Most of all I see the potential in Pym's book. As I see this novel isn't considered as one of her best. So, I will try in the future her other books.
Profile Image for Sennen Rose.
347 reviews14 followers
January 2, 2023
I got my copy of this off Ebay and the spine is peeling like paint, it’s all over my sheets and my hands. This was the Pym that Jonathan Cape rejected, sending her into the wilderness, and to be honest I don’t really understand why because this is as good as any of her other books. The scene where John kisses Ianthe made me laugh so much I had to put the book down and go and make a cup of tea to calm down, which in itself is such a Barbara Pym thing to do. I enjoyed this a lot although I didn’t love it as much as I loved Green Leaves, and I can’t really put my finger on why. I think I’ve only got posthumous releases left to read now, and then I might start re reading them all again because to be honest, I just love her. Good old Babs!
Profile Image for Anna  Quilter.
1,432 reviews42 followers
August 2, 2023
Barbara Pym (1913-1980)

An advertising blurb on the front of the new edition suggests a comparison to Jane Austin.

Not really.

One of Pyms minor characters in this book says he's like "a dog returning to his own vomit"..Not very Austin-y.

What we do have is a comedy set in a far away Britain with slightly questionable characters...who mention black people but don't really appear...

It doesn't sound like it...but I do enjoy Pyms book...excellent character studies...lots of slightly off clergy... genteel ladies.....and a few not so genteel ladies.
Profile Image for Terris.
1,365 reviews69 followers
March 23, 2024
I liked this one, possibly not quite as much as some of her others, but her writing, characters, and the ambience she creates are always worth it!
Profile Image for Sammy.
954 reviews33 followers
October 8, 2019
Passing Ianthe's house on her way home she now saw that this marriage was inevitable - it had to be. The lemon leaves had been unwrapped and there were the fragrant raisins at the heart.

An Unsuitable Attachment was to be Barbara Pym's seventh published novel until, fatefully, it was rejected by her publisher (Jonathan Cape) in 1963, and by several others. The successful novelist - who had recently had all of her works republished and was picking up steam amongst English librarygoers - was left to 14 years as a relative unknown. After her miraculous "rediscovery" in 1977, Pym published three more novels. Attachment was one of another three published after her early death in 1980.

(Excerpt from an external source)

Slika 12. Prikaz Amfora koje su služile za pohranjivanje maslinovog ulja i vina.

My paperback (Grafton) edition has a foreward by Philip Larkin which, sadly, is not in my hardcover (Dutton) edition. Larkin, a longtime friend and penpal of Pym's, admits that this is not her strongest work. And, indeed, it isn't. The "unsuitable attachment" at the heart of the novel emerges rather slowly, before suddenly feeling like a foregone conclusion. And while there is much of Pym's typically astute character observation, the book doesn't sparkle with the vim and vigour of - frankly - all of her earlier novels (including her then-unpublished first, Crampton Hodnet).

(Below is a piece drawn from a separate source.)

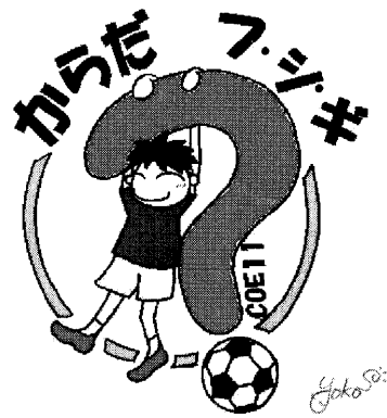
図1 シンボルマーク (瀬戸山陽子作)

Perhaps this is because Pym - 50 years old when she finished this novel - was drifting from her "early" and "middle" stages as a writer into her "late" period. Her subsequent novels have a darker quality, are certainly less outright comedic, and this feels like an awkward transition, a writer trying to navigate their preferred brand even as their mind and artistry have moved elsewhere. I found myself laughing less frequently, and underwhelmed by the marriage of Sophie and Mark (after the successful investigations of happy-but-bittersweet-in-a-typically-English-way marriages in Jane and Prudence and especially A Glass of Blessings, one feels as if Pym doesn't quite get to the nub of this one), as well as by the character of Penelope as a whole - who should surely be at the heart of things.

Nevertheless, we only have 12 full-length Pym novels (alongside the miscellany of shorter writings) and it's our duty to cherish every one. I shall do so! There are plenty of neat little moments, twists, and historical insights to this bygone age that shouldn't feel so far away. This is still satisfying Pym for those of us who enjoy the complete canon of works, but truthfully would only rank as two-stars outside of the world of Pymheads, I'm afraid. I would suggest new readers leave it until near the end of their journey.